— Мне надо с вами поговорить, — женщина шагнула к Ирине и сразу взяла ее под локоть, как добрую подругу. — Меня зовут Ольга Зуева. Нет-нет, вам представляться не обязательно. Понимаете, с вами сейчас происходит нечто важное. Они… — женщина замялась, но в ее тихом тоне, в том, как сосредоточенно она произносила слова, Ирина каким-то образом услышала: дело серьезное. А может быть, ей просто было все равно, и она согласилась бы слушать любого, кто не совсем еще походил на полного помешанного. Ей надо было отвлечься от того, что росло внутри и грозило взорваться.
— Кто «они»? — спросила Ирина без всякого выражения.
— Хозяева ада.
«Хозяин Ада пятого ранга», — вспомнила она, и от внезапного страха захотела бежать от странной Ольги как можно дальше.
— Что за чушь!
— Дослушайте до конца! — Ольга крепче вцепилась ей в рукав. — Я ведь не прошу с вас деньги и не спрашиваю вашего адреса.

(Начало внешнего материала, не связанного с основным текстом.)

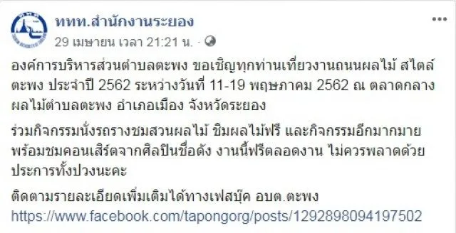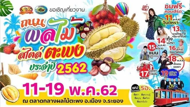 เป็นอีกหนึ่งเรื่องราวที่ชาวเน็ตแห่แชร์ และให้ความสนใจกันเป็นจำนวนมาก เมื่อมีผู้ใช้เฟสบุ๊คชื่อ ททท.สำนักงานระยอง ได้ออกมาโพสต์เรื่องราวโดยได้ระบุข้อความว่า… องค์การบริหารส่วนตำบลตะพง ขอเชิญทุกท่านเที่ยวงานถนนผลไม้ สไตล์ตะพง ประจำปี 2562 ระหว่างวันที่ 11-19 พฤษภาคม 2562 ณ ตลาดกลางผลไม้ตำบลตะพง อำเภอเมือง จังหวัดระยองร่วมกิจกรรมนั่งรถรางชมสวนผลไม้ ชิมผลไม้ฟรี และกิจกรรมอีกมากมาย พร้อมชมคอนเสิร์ตจากศิลปินชื่อดัง งานนี้ฟรีตลอดงาน ไม่ควรพลาดด้วยประการทั้งปวงนะคะ

Я просто увидела, что Хозяева вокруг вас так и вьются. Вы им важны. Вы одна из святых. Одна из нас.
— Что за чушь, — неуверенно сказала Ира. Умом она понимала, что такие слова, скорее всего, говорят какие-нибудь сектанты, завлекающие новых прихожан, но чем-то иным чувствовала: все гораздо серьезнее, и отмахнуться от этого просто так нельзя. Может быть, дело было в солнце.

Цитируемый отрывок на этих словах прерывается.